It's usually possible to disable Secure Boot without disabling EFI support; however, the user interfaces in EFIs vary greatly from one system to another, so I can't provide step-by-step instructions for doing this. I recommend you peruse your firmware settings to find the relevant options and play with them.
Also, it was my understanding that 12.04.2 did support Secure Boot. 12.10 definitely does, and I assume that the new 13.04 does. Thus, you should be able to get Ubuntu installed with Secure Boot active. Even if 12.04.2 doesn't actually include Secure Boot support, trying 13.04 might be worthwhile. Admittedly it's not an LTS version, but given how new Secure Boot is and how quickly things are changing in this arena, giving up LTS may be the price you have to pay -- at least, to do it relatively easily.

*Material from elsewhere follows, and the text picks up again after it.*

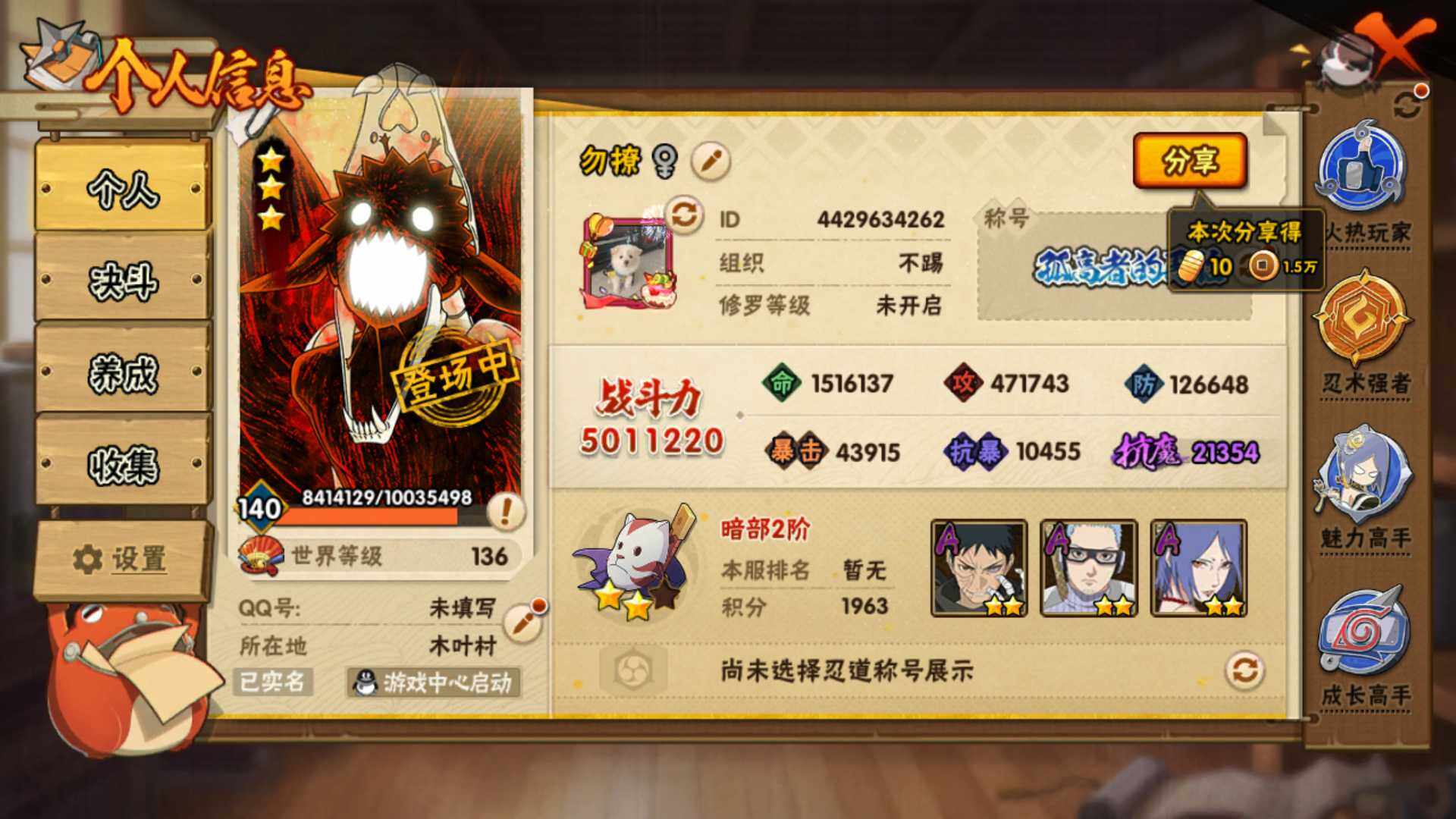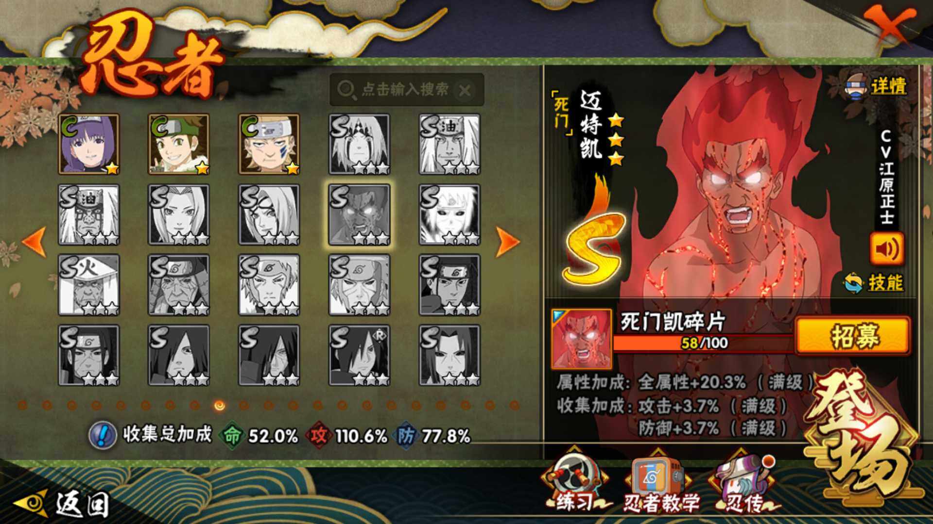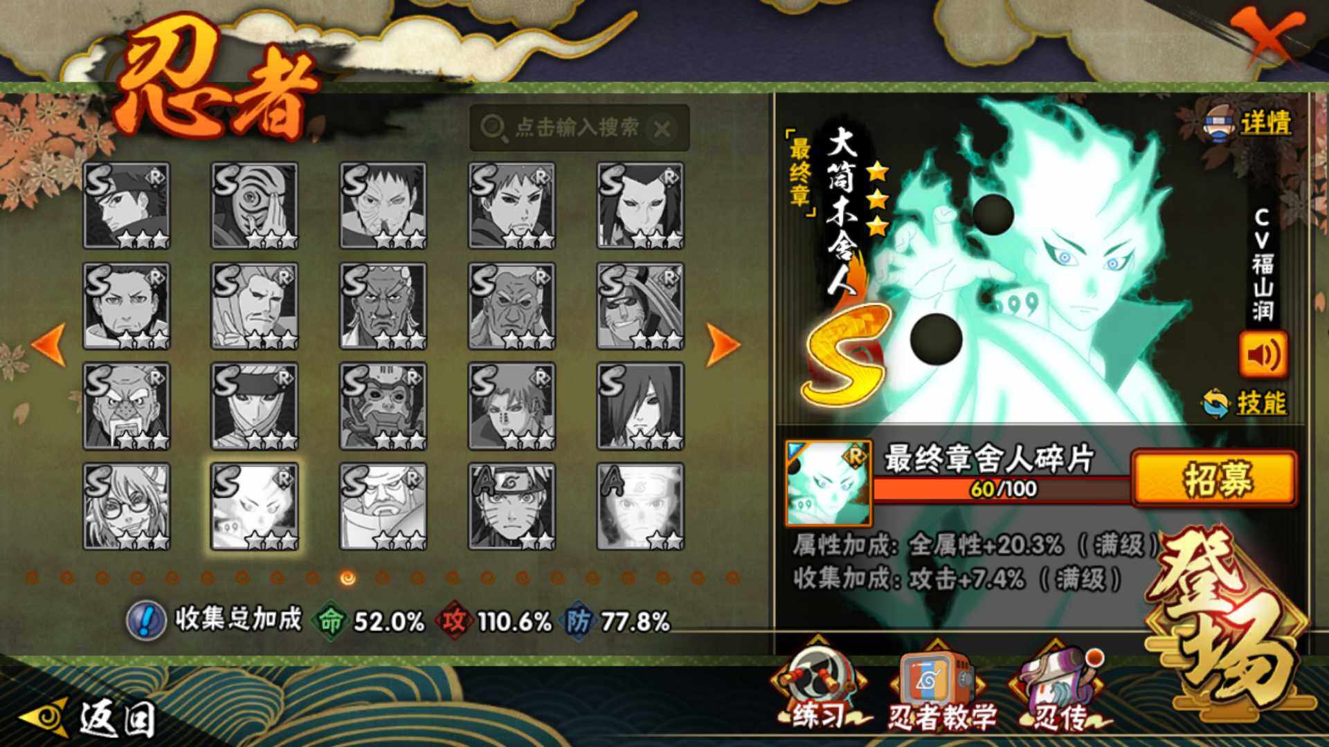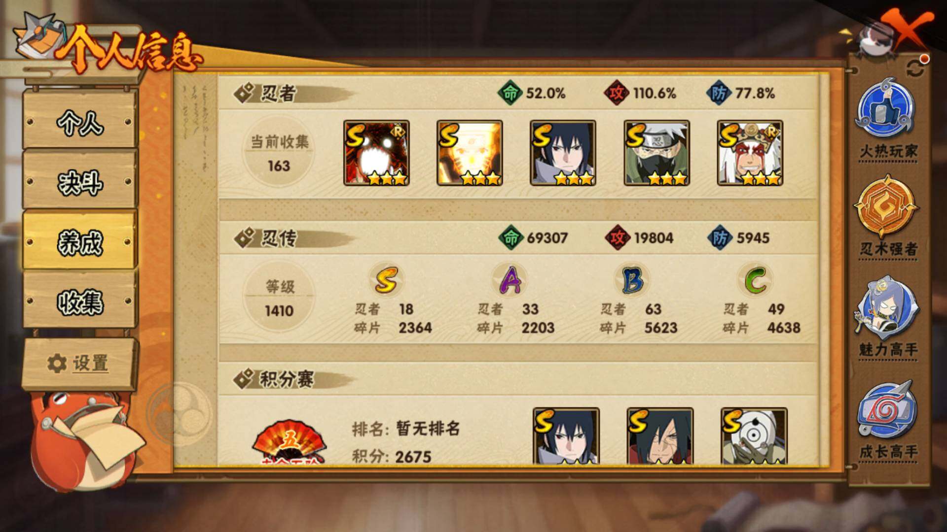 [14311340]v11,501w战力,18s忍,33a忍,忍战樱61片,死门凯58片,须佐止水65片,博人传金氏80片,最终章舍人60片,me1701 【s级忍者】:波风水门「秽土转生」3星,宇智波斑「秽土转生·解」3星,大野木「忍界大战」3星,艾「忍界大战」3星,宇智波鼬「须佐能乎」3星,旗木卡卡西「须佐能乎」3星,千手柱间「木叶创立」3星,自来也「舞之豪杰」3星,大蛇丸3星,自来也「传说中的三忍」3星,波风水门3星,神秘面具男「红夜之刃」3星,漩涡鸣人「九喇嘛连结」3星,佩恩「天道」3星,宇智波佐助「永恒万花筒」3星,宇智波斑 「白面具」3星宇智波斑「白面具」,大筒木桃式3星,漩涡鸣人「暴怒·第六尾」3星 【a级忍者】:艾「青年」2星,波风水门「青年」2星,迪达拉2星,迪达拉「新春限定」2星,大蛇丸「晓」2星,飞段3星,飞段「死司凭血」2星,干柿鬼鲛3星,漩涡博人「桃式显现」2星,迈特凯4星,旗木卡卡西「元气夏日」2星,旗木卡卡西「幻之真容」2星,我爱罗「疾风传」4星,蝎2星,蝎「绯流琥」2星,小南「漂泊浪客」2星,角都「晓创生」2星,角都「秽土转生」2星,猿飞阿斯玛2星,宇智波鼬2星,药师兜「侠影江湖」2星,照美冥「五代目水影」2星,日向宁次「忍界大战」2星,日向雏田「最终章」2星,宇智波带土「漂泊浪客」2星,长十郎「六代目水影」2星,卑留呼「火之意志继承者」2星,神秘面具男「忍者之路」2星,佩恩·六道「漂泊浪客」2星,李洛克「忍界大战」2星,秋道丁次「忍界大战」2星,神农「羁绊」2星,宇智波泉奈2星

If all else fails, you should be able to get it to work by creating your own Secure Boot medium. This is not an easy task, though. My Web page on Secure Boot covers the topic in moderate detail. In brief, you'd need to prepare a medium (a modified Ubuntu installer or a separate boot medium) that includes a pre-signed version of
PreBootloader.efi and that launches a boot loader (ELILO, GRUB, or rEFInd) that in turn launches the Ubuntu installer's kernel and initrd file. You'd probably need to enroll keys or hashes for the boot loader and perhaps the kernel and initrd file to get this all working, too. This is not a task for a newbie, though; to get this to work, you'll need to be comfortable with boot loader/manager configuration files, kernel options, and so on.